- _Task description_
Transcribe exactly, and only, the lines running from the one with "В 828 г. два" to the end of the entries below, both included, without any pictures.

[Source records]
BEGIN

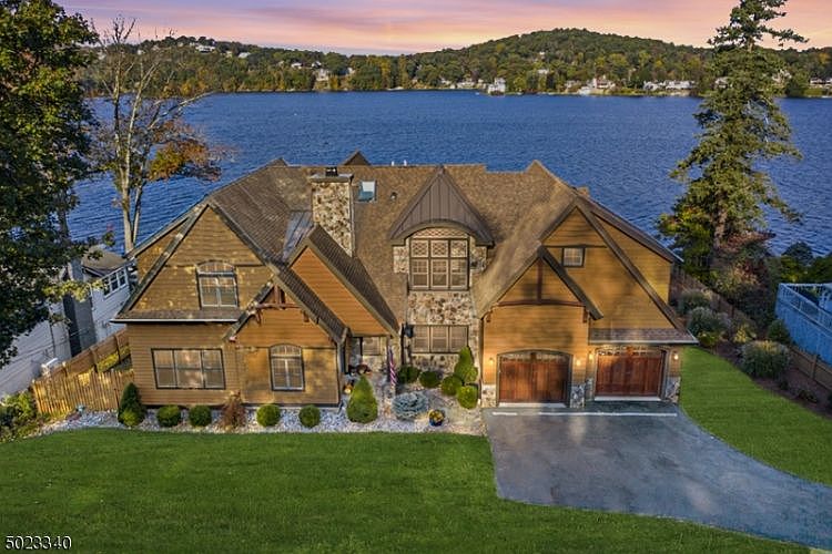 This gorgeous Lake Mohawk home has everything you could need! Lakefront living at its finest. Front row seats for the fireworks here, along with boat dock, original boathouse, and backyard beach. You will be impressed from the moment you enter this home. Stunning, original Lake Mohawk Crane log room, gourmet kitchen, formal dining room, open and light great room, sunroom, luxury master suite, 3 additional large bedrooms and office. The luxury custom finished basement was designed for entertaining, and also includes a gym and full bath. Tons of storage in the custom built-ins found throughout the home! A two car attached garage and additional parking. Location is perfect - close to the Lake Mohawk boardwalk and town, yet set back from the road and very quiet. Walk to everything, including the bus to NYC!
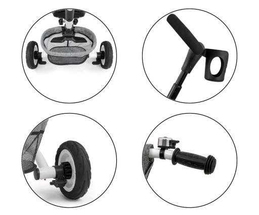 - Średnica kół: przód - 24 cm, tył - 20 cm
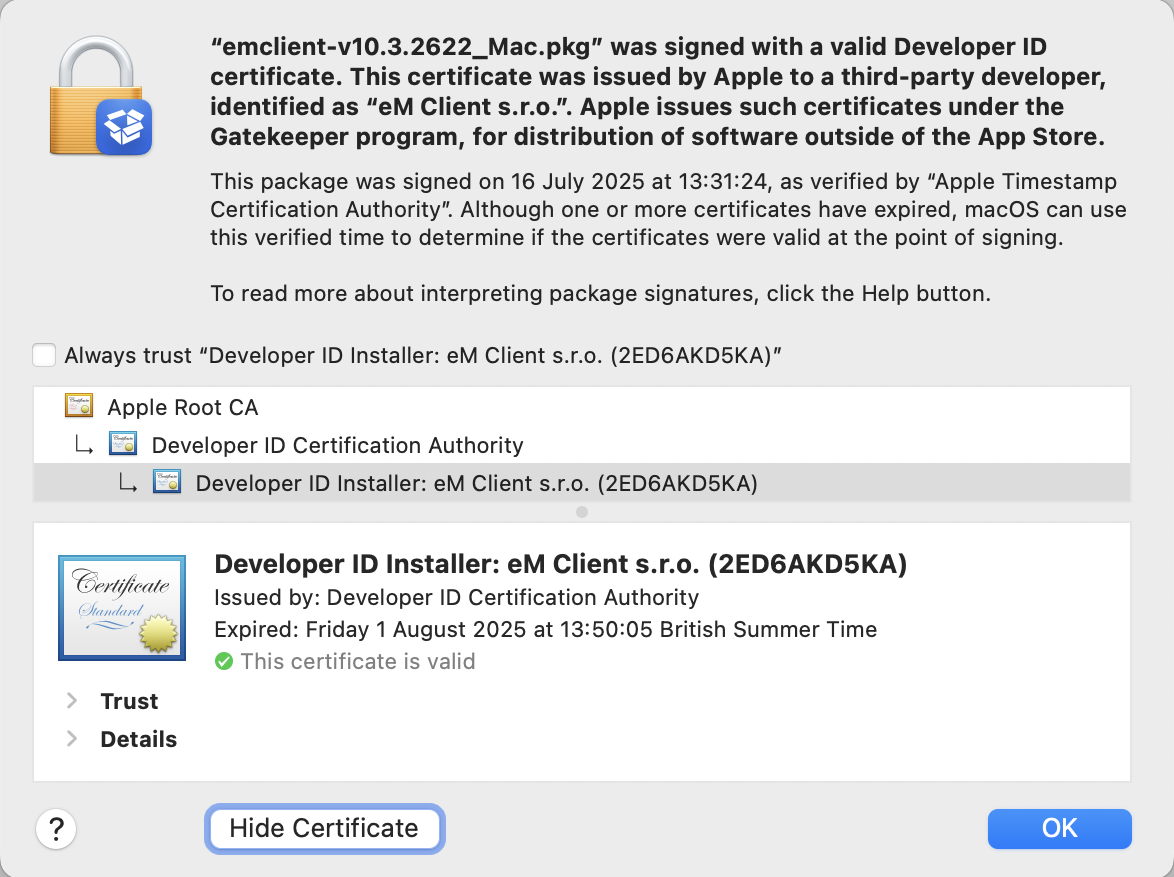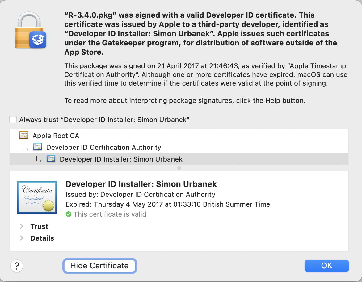 This third-party installer package was only signed last July, but its Developer ID Installer certificate expired the following month. Because its certificate was valid at the time of the trusted timestamp it’s still deemed valid.
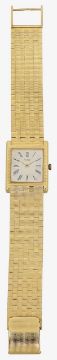 serial number 931 C4 72725, the 18ct gold case enclosing a square champagne dial with Roman numerals, with brick link articulated gold strap with control marks to lugs, clasp stamped 750
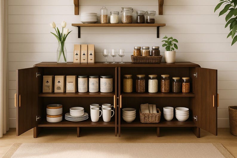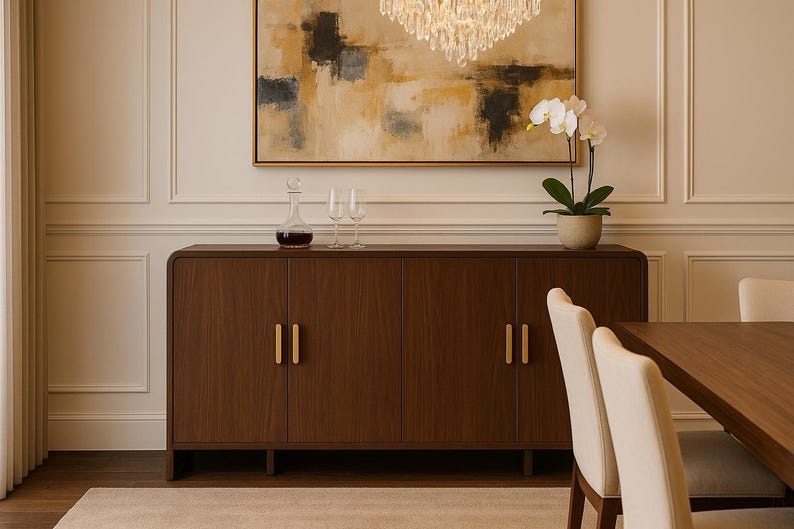 Crafted from high-quality wood with a rich walnut finish, this cabinet features six spacious levels behind flat-panel doors, perfect for storing kitchen appliances, tableware, books, or decorative pieces. Whether in your living room, dining area, or hallway, this piece brings both elegance and practicality to your home.
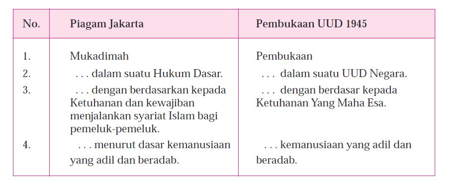 Dalam piagam jakarta itu terdapat rumusan sila pertama pancasila, . Piagam jakarta memuat 5 rumusan dasar indonesia yang ditetapkan sebagai. Syariat islam bagi penduduknya” pada sila pertama pancasila. Apakah alasan perubahan sila pertama rumusan dasar negara dalam naskah piagam jakarta? Hasil dari rumusan dasar negara yang telah dirumuskan oleh badan penyelidik. Apa alasan perubahan sila kesatu rumusan dasar negara dalam piagam jakarta? 6) menjelaskan perbedaan rumusan dasar negara dalam piagam jakarta dengan yang. Terkait mengenai perubahan rumusan sila pertama itu, . Penghapusan kalimat tersebut yang terdapat pada sila pertama pancasila dilakukan dengan alasan adanya . Alasan perubahan sila kesatu rumusan dasar negara dalam piagam jakarta. Dalam piagam jakarta sila pertama dari dasar negara berbunyi, 'ketuhanan dengan. Alasan perubahan sila pertama naskah piagam jakarta adalah . Untuk mengunduh file gunakan tombol download dibawah ini.
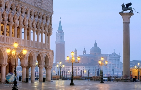 В 828 г. два венецианских купца выкрадывают в Александрии останки Св. Марка и в корзине, укрытой свиными тушами, привозят в Венецию. С этого момента начинается создание ансамбля площади Св. Марка, визитной карточки Венеции. Затем были почти пять столетий невероятного расцвета, когда казалось, что все товары и деньги мира стекались в Венецию, а самый мощный флот легко решал все проблемы. И, вместе с деньгами, здесь собирались лучшие архитекторы, художники, писатели, музыканты и артисты. Здесь творил и, к сожалению, во время эпидемии чумы умер Тициан.
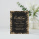 Convites de festa de 60 anos com brilho dourado e preto elegantes e modernos. Este design de cartão feminino adulto apresenta caligrafia estilosa e manuscrita em dourado sobre fundo preto com uma borda de brilho solto. Fácil de personalizar, perfeito para qualquer idade.

END

- _Task solution_
 В 828 г. два венецианских купца выкрадывают в Александрии останки Св. Марка и в корзине, укрытой свиными тушами, привозят в Венецию. С этого момента начинается создание ансамбля площади Св. Марка, визитной карточки Венеции. Затем были почти пять столетий невероятного расцвета, когда казалось, что все товары и деньги мира стекались в Венецию, а самый мощный флот легко решал все проблемы. И, вместе с деньгами, здесь собирались лучшие архитекторы, художники, писатели, музыканты и артисты. Здесь творил и, к сожалению, во время эпидемии чумы умер Тициан.
 Convites de festa de 60 anos com brilho dourado e preto elegantes e modernos. Este design de cartão feminino adulto apresenta caligrafia estilosa e manuscrita em dourado sobre fundo preto com uma borda de brilho solto. Fácil de personalizar, perfeito para qualquer idade.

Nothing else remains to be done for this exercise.